Bab 262
Setelah kembali ke dalam ruangan, Ana
pun duduk kembali.
"Pak Liam, maaf sudah membuatmu
menunggu lama."
Liam Dirga tersenyum sembari berkata,
" Nggak apa-apa, ayo minum."
Melihat Liam mengangkat gelasnya, Ana
dengan santai berkata, "Pak Liam, tolong bantu aku soal masalah
pinjaman."
"Nggak masalah, besok begitu aku
sampai di kantor, aku akan tanda tangan dan pinjamanmu akan segera disetujui.
Ayo kita minum dulu," ujar Liam dengan tidak sabar.
Ana melirik gelas minuman di
depannya. Setelah ragu sejenak, akhirnya dia mengangkat gelas itu.
Liam meminum habis dalam satu teguk.
"Jangan minum."
Melalui tembok, Adriel bisa melihat
dengan jelas. Meskipun dia tidak melihat Liam menaruh sesuatu ke dalam
minumannya, dia bisa tahu ada yang tidak beres dengan minuman itu dari ekspresi
gelisah Liam.
Adriel sudah memberi peringatan,
tetapi Ana tidak bisa mendengarnya.
Melihat Ana langsung meminum habis
minuman di dalam gelasnya, Liam langsung tertawa puas.
"Dasar wanita bodoh! Cari
masalah sendiri hanya untuk pinjaman? Di mana kecerdasan dan kecerdikanmu
selama ini?" guman Liam dalam hati.
Adriel tidak bisa menahan diri untuk
berkomentar.
Dia selalu menganggap Ana sebagai
wanita yang cerdik dan pintar, tetapi sekarang setelah dia meminum segelas
minuman ini, dia terlihat sangat bodoh.
"Entah memang karena terpaksa
atau karena kekurangan uang, makanya dia berani mengambil risiko?" pikir
Liam.
Tampaknya kehidupan Ana beberapa
waktu ini sangat sulit.
Ana dan Liam masih makan dan minum,
sementara di ruangan lain, Yunna sudah lama menunggu Adriel. Dia pun langsung
keluar dan melihat Adriel sedang berdiri di koridor seolah-olah sedang
memikirkan sesuatu.
"Ngapain kamu di sini? Aku pikir
kamu sudah pergi."
Yunna menepuk pundak Adriel.
"Nggak apa-apa, ayo pergi."
Yunna merangkul lengan Adriel, lalu
berjalan keluar dari restoran.
Namun, Adriel agak tidak fokus. Dia
terus mengkhawatirkan Ana.
Bagaimanapun juga, sekarang Ana sudah
menjadi miliknya. Bagaimana dia bisa disentuh pria lain?
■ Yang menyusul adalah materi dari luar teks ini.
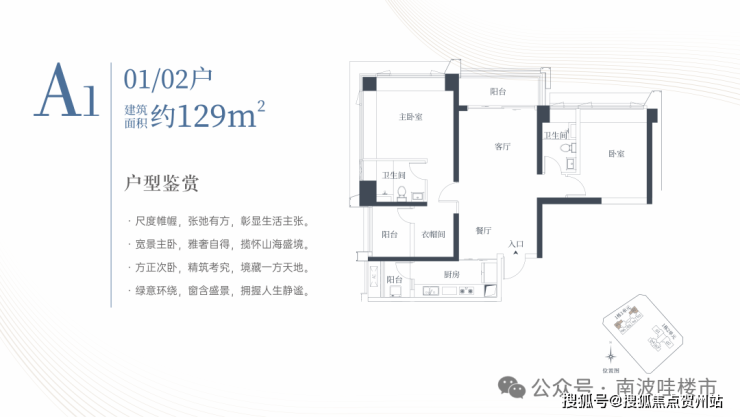 🔹1栋一单元A1、A2户型:面积约为129㎡

Adriel menemani Yunna naik ke lantai
atas hotel dengan lift. Malam ini seharusnya menjadi malam yang melelahkan
sekaligus menyenangkan, tetapi kehadiran Ana sedikit mengacaukan ritme.
Yunna mengeluarkan kartu kamarnya,
lalu membuka pintu. Namun, Adriel berdiri di depan pintu dan tidak masuk.
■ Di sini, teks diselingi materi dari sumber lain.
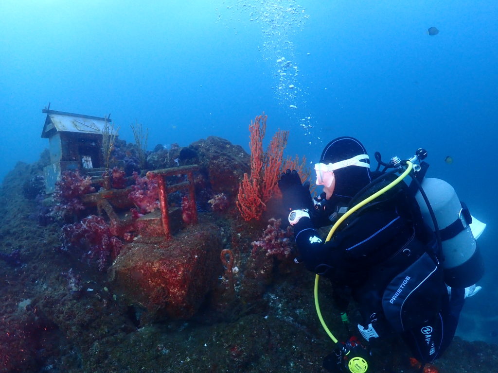 定番の水中神社にて安全祈願&記念撮影からスタート!

"Kenapa berdiri di depan pintu?
Nggak masuk?" tanya Yunna.
Yunna melemparkan tas yang
dipegangnya ke sofa, lalu menghampiri Adriel dan merangkul lehernya. Aroma
sampanye dan aroma parfum samar-samar tercium olehnya.
Dalam situasi normal, Adriel pasti
akan mengangkat Yunna dan langsung mulai " olahraga".
"Aku masih ada urusan, kamu juga
sudah minum banyak alkohol, jadi istirahatlah
lebih awal."
Adriel mengucapkan kalimat ini dengan
sangat tidak tulus. Dia diam-diam mengumpat Ana karena tidak sarapan dan makan
malam. Namun, pada saat ini, Ana malah makan bersama orang lain yang bahkan
punya niat jahat terhadapnya.
Sial! Kalau nanti tidak membuatnya
memohon ampun, akan sungguh mengecewakan diri sendiri!
Bagaimanapun juga, dia sudah menolak
permintaan Yunna. Hal ini membutuhkan kekuatan dan keberanian yang besar!
Setelah mendengar ucapan Adriel,
ekspresi Yunna langsung berubah, seolah-olah sulit memercayainya.
"Kamu yakin mau pergi?"
tanya Yunna sambil menengadahkan kepalanya.